Podcast oficial de la web Caballeros de la Pizza Redonda. Cada quince días una nueva entrega en la que proponemos temas relacionados con el fandom en general y nos extendemos sobre ellos. Además en cada programa, los miembros del equipo te recomendarán alguna obra para que veas, leas o juegues. ¿Te…

Terror distópico que parte de una idea sencillísima que consigue que te pese el cuerpo casi desde el minuto uno. Un arranque muy directo, una premisa cruel que no se anda con rodeos y un grupo de personajes que va ganando peso a medida que la caminata se vuelve más física, más mental y bastante más dura de lo que parece al principio. No necesita demasiados adornos para hacer daño, y precisamente por eso funciona tan bien.

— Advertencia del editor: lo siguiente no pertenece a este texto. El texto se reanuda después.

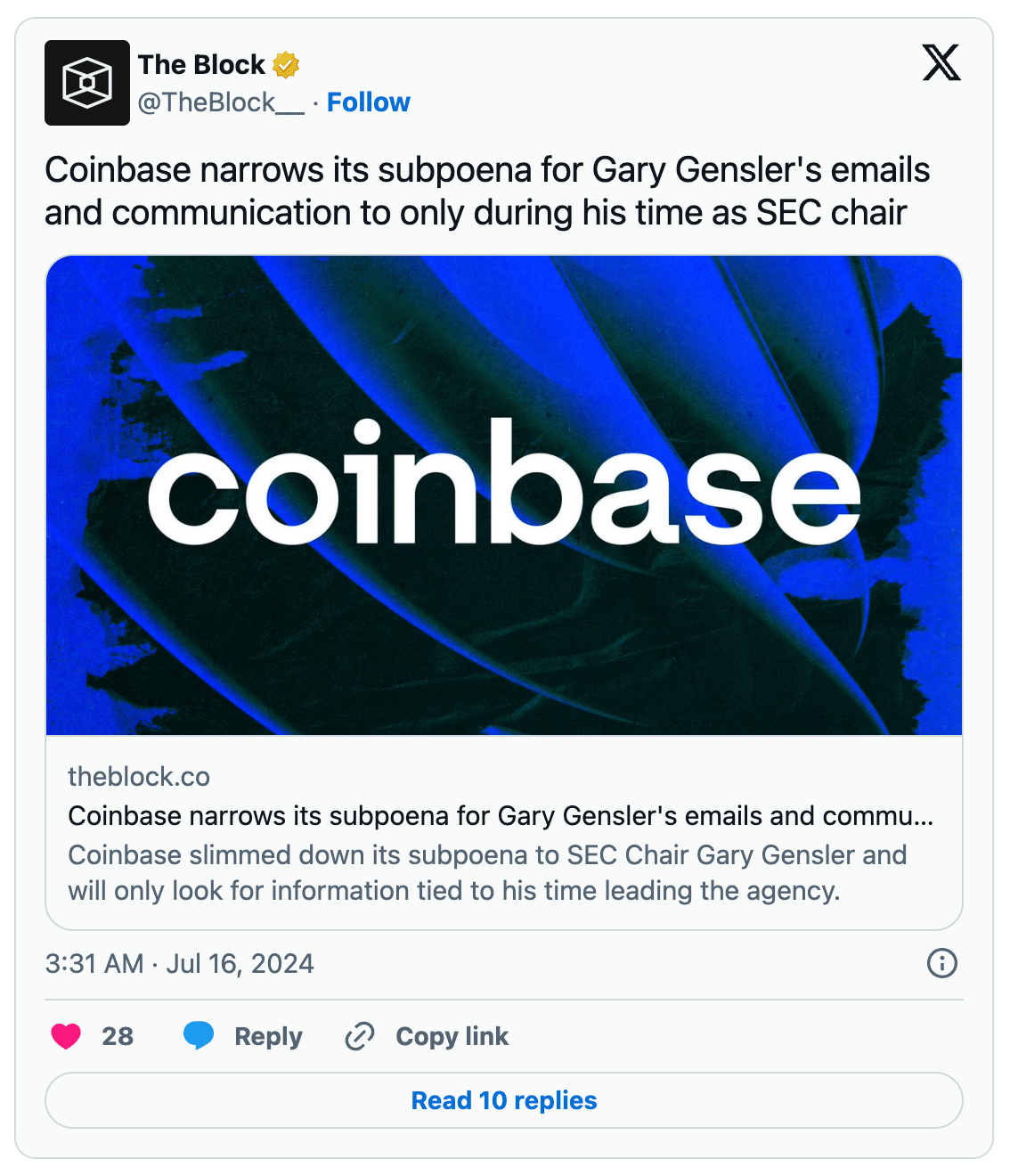 Coinbase Narrows Subpoena to Gary Gensler's Emails
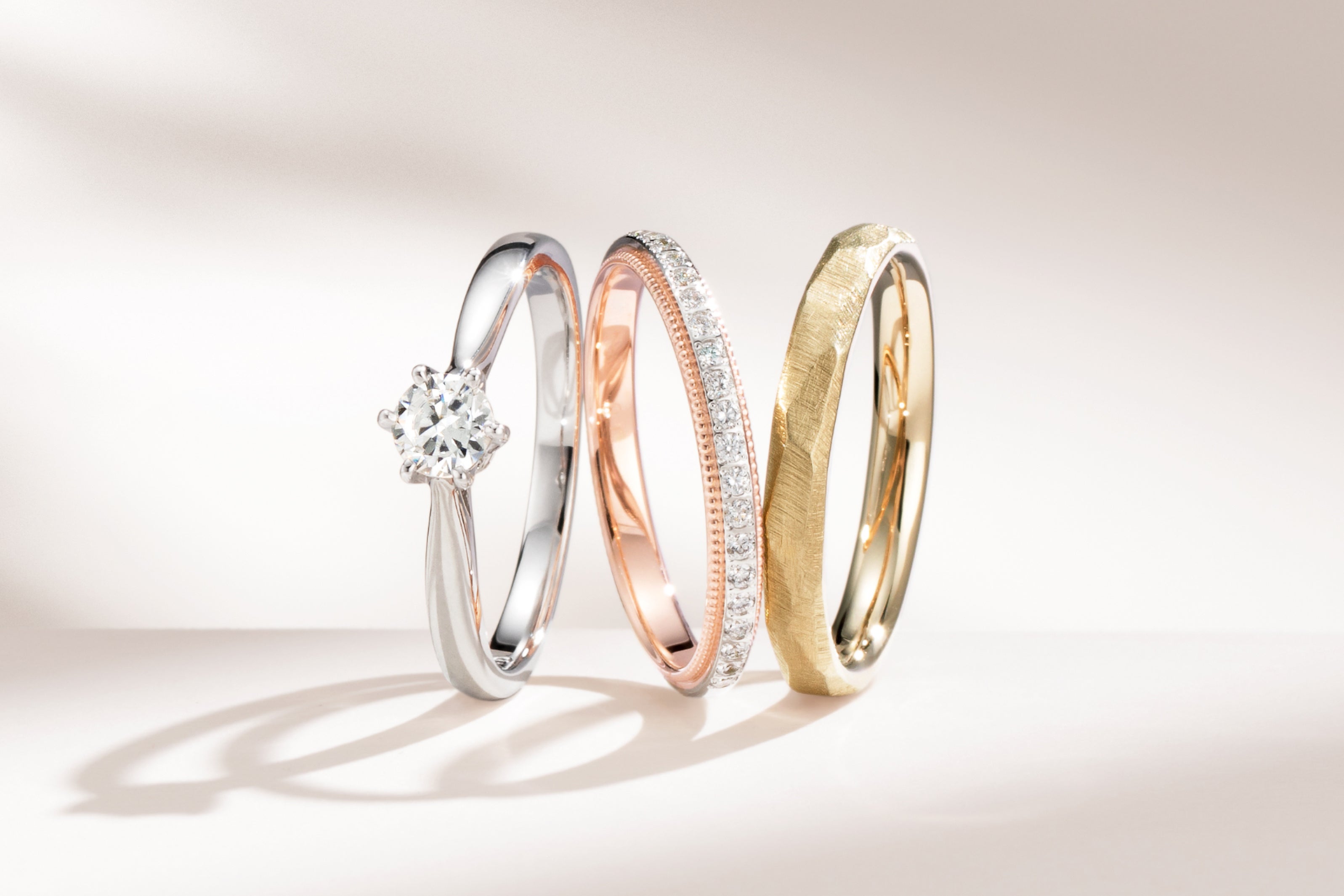 ブリリアンスプラスの結婚指輪は、素材の選択肢が豊富なのも強み。プラチナはもちろん、多彩なゴールド素材の結婚指輪をご用意しております。

Acaban dejando bastante más poso y mal cuerpo del espeerado.

Caos, mala idea y bastante corazón. Juega con la gentrificación de Gotham, el barrio de toda la vida convertido en escaparate mono y la necesidad de liarla para defender a quienes se están quedando fuera. Tiene mucho humor, muy buena energía de personaje y la gracia que aporta un personaje como Harley, moviéndose todo el rato entre heroína improbable y desastre con patas. Te hace reír y encuentra una excusa bastante buena para poner a Harley a romper cosas.

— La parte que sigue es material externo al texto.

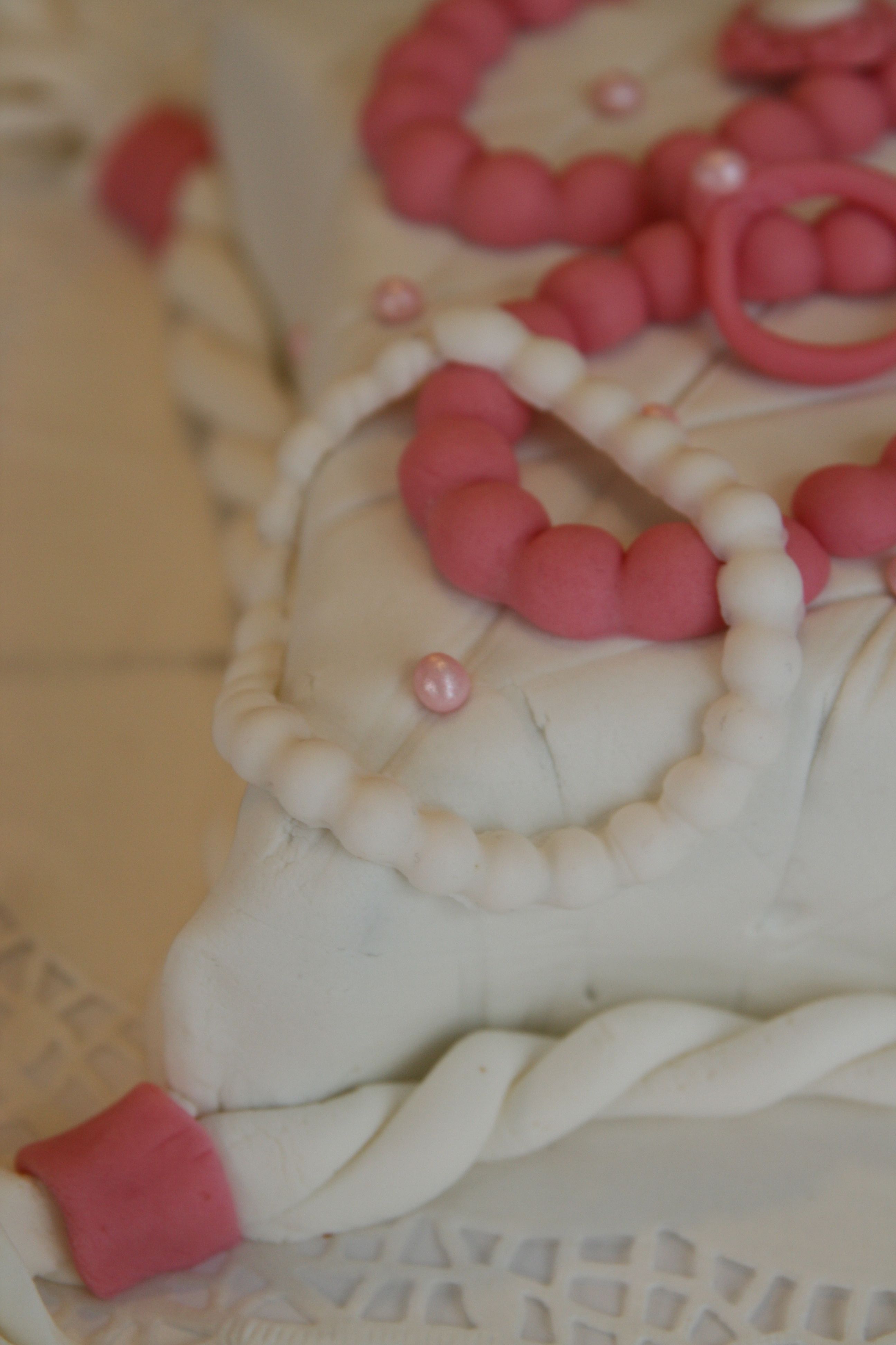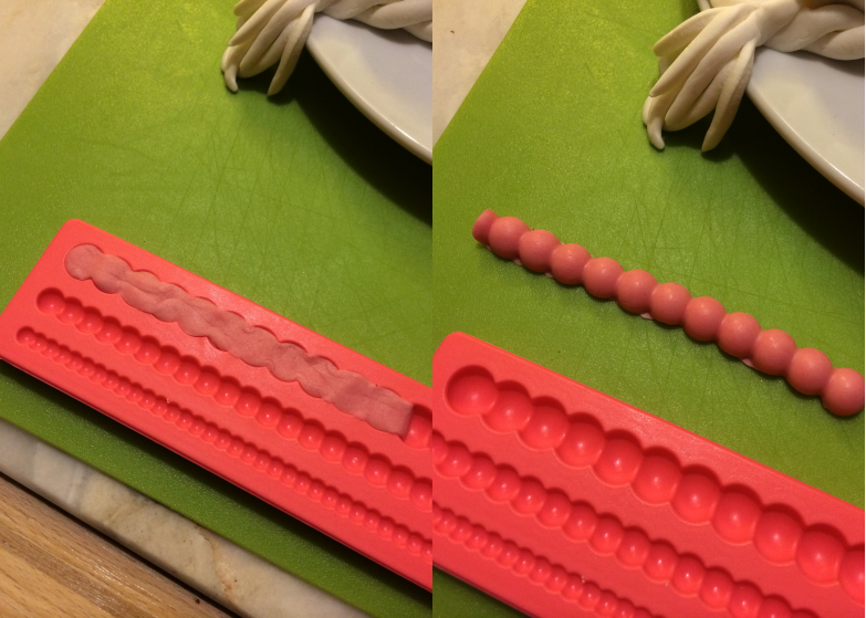 Comme je vous l’expliquais précédemment, on peut tout à fait réaliser un collier ou un bracelet de perle sans moule. Pour cela il suffit de former un boudin de pâte à sucre fin et de le découper en petites parties égales les unes aux autres puis de rouler la pâte sur le tapis. C’est un travail assez long mais le résultat est bon.

Parte de una idea completamente ridícula y, aun así, entra bastante mejor de lo esperado. Tiene un ciervo mutante desatado, muertes cafres y un encanto cutre de serie B que sabe exactamente a lo que juega. No es buena ni pretende serlo, pero al menos va al grano, se deja ver con facilidad y funciona mejor que otras locuras parecidas salidas del mismo filón de dominio público. Una de esas rarezas que no recomendarías por calidad, pero sí por el placer muy concreto de ver a Bambi convertido en una mole vengativa.

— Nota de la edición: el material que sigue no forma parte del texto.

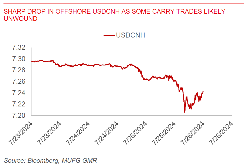 The big moves in markets continued, with global equity markets selling off further, weak trends in industrial metals, together with the sharp strengthening in JPY against the Dollar. In Asia, all these trends have also interestingly spilled more recently into the offshore Chinese renminbi, with USDCNH dropping sharply from 7.26 to 7.20 at one point in time yesterday, before recovering somewhat post the stronger than expected US GDP data. It’s hard to know exactly what caused these moves, but some positioning unwinds perhaps of FX hedges and carry trades in CNH/CNY probably make sense to our minds. Moving forward, the fundamental story of China and CNY remains one where more stimulus is needed to support the economy, and over here, while we think there will be more forthcoming, end-July’s Politburo meeting will be important in this regard.

Parece un chiste sobre ajedrez, pero resulta que es bastante más serio y adictivo de lo que aparenta. Coge las reglas básicas del tablero, las mezcla con estructura roguelike y empieza a meter cartas, ventajas, desventajas y locuras que cambian la partida en cada intento. Tiene una idea absurdísima de base, pero está tan bien pensada que acabas haciendo cálculos, improvisando y sufriendo como si llevaras media vida defendiendo a un rey con escopeta. Te atrapa con mucha más mala leche y profundidad de la esperada.

Un caso real que mezcla derechos de autor, acceso a la cultura, poder empresarial, monopolios rarunos y la idea de que no siempre se persigue a quien más daño hace, sino a quien puede servir de ejemplo. Hablamos de cine español, archivos secuestrados bajo llave y de hasta qué punto conservar no es lo mismo que acaparar.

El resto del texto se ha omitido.